4.3. Proteomics on sub-cellular compartment

Although 30% of naturally occurring proteins are predicted to be embedded in biological membranes [41], comprehensive membrane proteomics is technically difficult due to the hydrophobicity, heterogeneity and lower abundance of membrane proteins. In mycorrhizal symbioses, membrane proteins are very important because they likely include the receptors that control the fungal–plant dialogue as well as the transporters that mediate nutrient exchange. For these reasons, many authors have focused on membrane proteins using different enrichment protocols.

The first study on sub-cellular fractionation of membrane proteins was conducted by Benabdellah et al. (1998). They isolated the microsomal protein fraction from colonized tomato roots, where they found several differentially expressed proteins [42]. Few years later, the same group identified for the first time a protein related to mycorrhizal symbiosis by Edman N-terminal sequencing, after plasma membrane enrichment and 2DE-PAGE protein separation [43].

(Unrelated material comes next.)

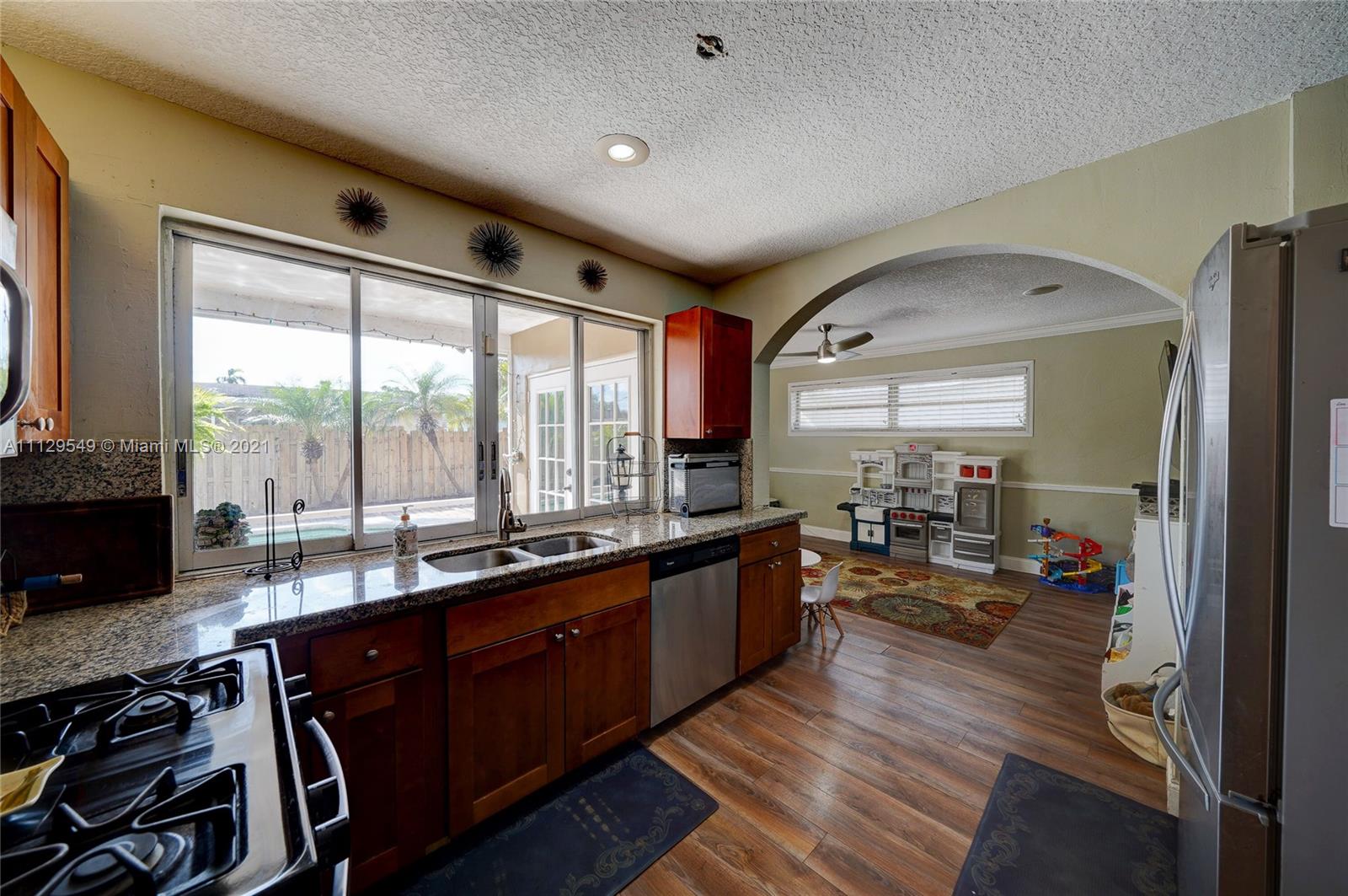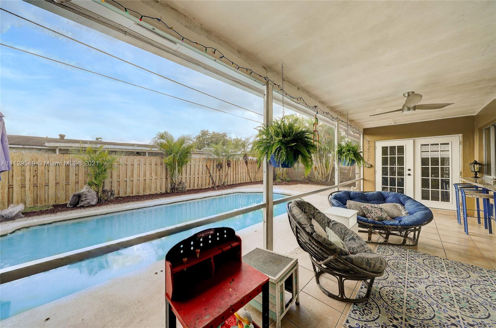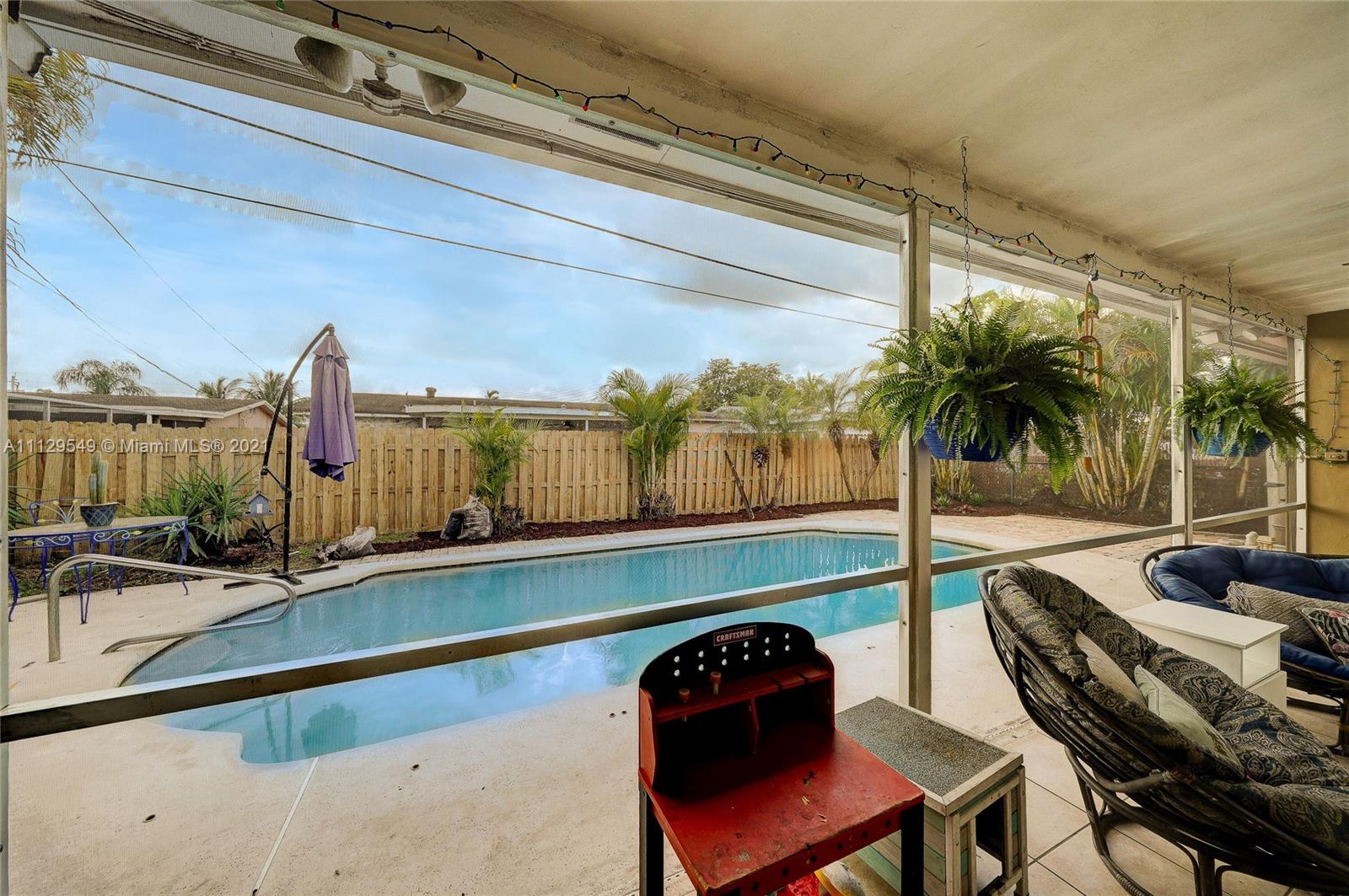 Welcome to this beautiful 3/2 in Sunrise. Front protected with High Impact Doors/Windows, Panel Hurricane Shutters on the rest of the home. Commercial Grade Faux Wood Laminate Floor, Knock Down Ceilings & Recessed Dimmable Lights. Dual Zone Speakers for indoor/outdoor Entertainment. Kitchen updated with Granite Counters and modern appliances, Stove and Outdoor Grill connected to City Gas. Newly screened tiled patio with Bar Top pass with Kitchen, New Built-In Grill and Mini-Fridge. Backyard beautifully landscaped, concrete and paved brick surrounding the pool, equipped with a Energy Efficient Variable Speed Pump. A/C Unit, roof, gutters, water heater, washer/dryer are all in excellent condition. Safe and Quiet area, just minutes from Restaurants, Major Shopping Malls and Highways. No HOA.

The years between 2000 and 2010 saw the rapid increase of mass spectrometry as the main proteomic technique for protein identification and quantification, replacing other techniques previously used. The difficulties and the low number of proteins identified with the Edman N-terminal sequencing were overcome with the advent of mass spectrometry, and new intriguing possibilities were opened.

Valot et al. (2005) also used a sub-cellular proteomic approach to monitor membrane-associated protein modifications during the AM symbiosis [44]. 2DE-PAGE of root microsomes revealed some mycorrhiza-responsive proteins including 15 induced, 3 up-regulated, and also 18 down-regulated proteins. Among those 36 regulated proteins, 25 were identified using the MALDI-TOF. Except for an acid phosphatase and a lectin, none of them was previously reported as being regulated during the AM symbiosis. This sub-cellular proteomic approach allowed for the first time the identification of fungal proteins expressed in planta. In their final conclusion, the authors pinpointed the next challenge: the identification of membrane proteins located in and around the arbuscule, the mycorrhizal symbiosis-specific fungal structure.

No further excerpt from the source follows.